Sebi has also changed the norms for anchor investments. Accordingly, the maximum allowed limit for anchor investors in IPOs has been raised to 60 per cent for the institutional category from 30 per cent, at present.

Any non-promoter shareholder, who holds more than 10 per cent stake in a firm would be eligible to use OFS to pare stake. Promoters of the top 200 companies in terms of market capitalisation have been allowed to use the OFS mechanism against 100 at present.

In addition, a minimum of 10 per cent of the issue size would be reserved for retail investors. Retail investors are considered those whose bidding amount is less than Rs 2 lakh. In case this percentage is not fully utilised, the unutilised portion may be offered to other investors, the Sebi statement said.

The change in guidelines have come at the right time as the market is expected to remain bullish in the window of three years which Sebi has provided the government to reduce its holdings in state enterprises. This would make it easier for the government to offload its stake to retail shareholders rather forcing LIC and SBI to rescue PSU floats.

Sebi has also framed Sebi (Research Analyst) Regulation, 2014. The regulations seek to register individual research analysts and entities engaged in issuance of research reports or who makes 'buy/sell/hold’ recommendation of a security and makes recommendation on public offers.

The OFS route will help private equity players to offload their stake without depending on promoters. In the long term, this would help private equity players and may lead to bigger investments through this route.

“We believe increase in the minimum public shareholding norms in PSUs was the biggest announcement by Sebi on Thursday. It will reduce the discrimination in regulations between private firms and PSUs. The OFS norms are made more effective. The IPO market too will get a boost as the dilution requirement has been lowered,” said Sudip Bandyopadhyay, CEO and MD at Destimoney Securities.

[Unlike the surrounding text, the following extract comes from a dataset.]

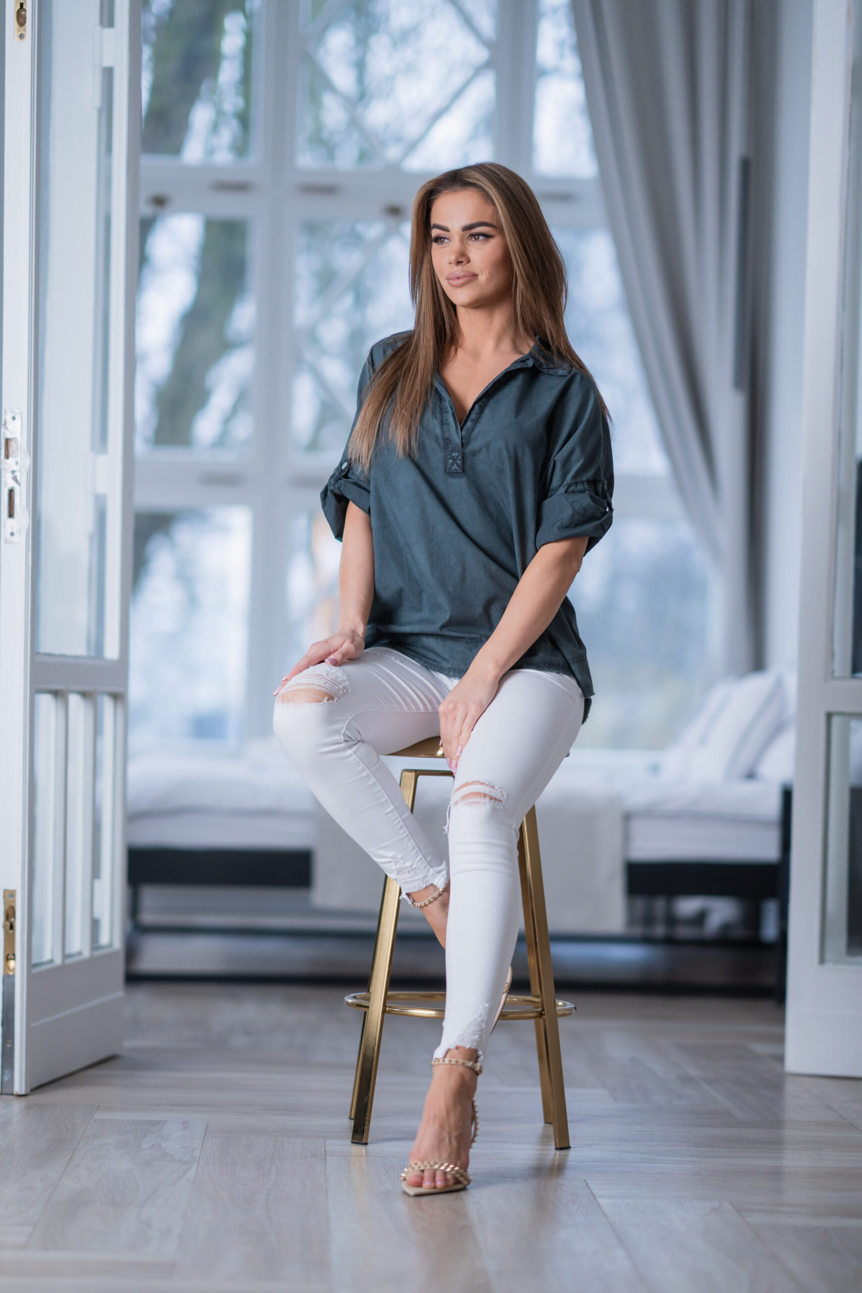 Oversize’owa, przedłużana koszula z bawełnianego materiału z dodatkiem elastanu.

Girish Nadkarni, MD at Motilal Oswal Investment Banking said, “The proposed changes in the IPO norms are extremely welcome. Raising the limit for anchor investors will provide them a larger book and lead to greater certainty for the issuer in terms of issue closure. Also, with the relaxation in the OFS rules, we would see more private equity funds using this facility to exit their holdings in a transparent manner.”

“On the whole, we will see a strong revival in the equity market across products,” he added.

By June 3, 2013, all private sector promoters, barring a handful, had pared their stakes to a maximum of 75 per cent, according to the minimum public shareholding norms for private players, using either OFS or IPP routes. Some even floated follow on public offers to lower their stake.

PSUs firms, on the other hand, were only required to shed their stakes to the maximum of 90 per cent by August 8, 2013. A higher level of government stake in the PSUs and resultant lower volumes, made trading in these stocks difficult.

Last year, MMTC came up with an OFS to offload nearly 10 per cent stake at a discount of 73 per cent to the prevailing price. This lead to its stock price crashing heavily. Investors were unable to estimate the fair value of the stock until the OFS was announced, as its free-float stock was very low. The stock that once traded at Rs 1,800 apiece in 2010, is hovering around Rs 97 apiece, at present.

MMTC, mining firm Nevyeli Lignite, Hindustan Copper and SBI associate State Bank of Mysore are some of the PSUs where government holding is 90 per cent as on March 31.

The proposed regulations on employees stock options intend to address issues regarding composition of trusts, facilitate secondary market acquisitions, enhanced disclosures and better enforceability, the Seri statement said. The regulations cover employee benefit schemes, which deal in shares of the company, in addition to ESOS and ESPS. Such schemes would also be permitted to acquire shares from secondary market under certain conditions so as to avoid forced dilution of capital and to be in line with international practice.

The conditions include requirement of shareholders' approval through special resolution for undertaking secondary market acquisitions and a limit of 10 per cent of the assets held by general employee benefit schemes other than ESOS type of schemes.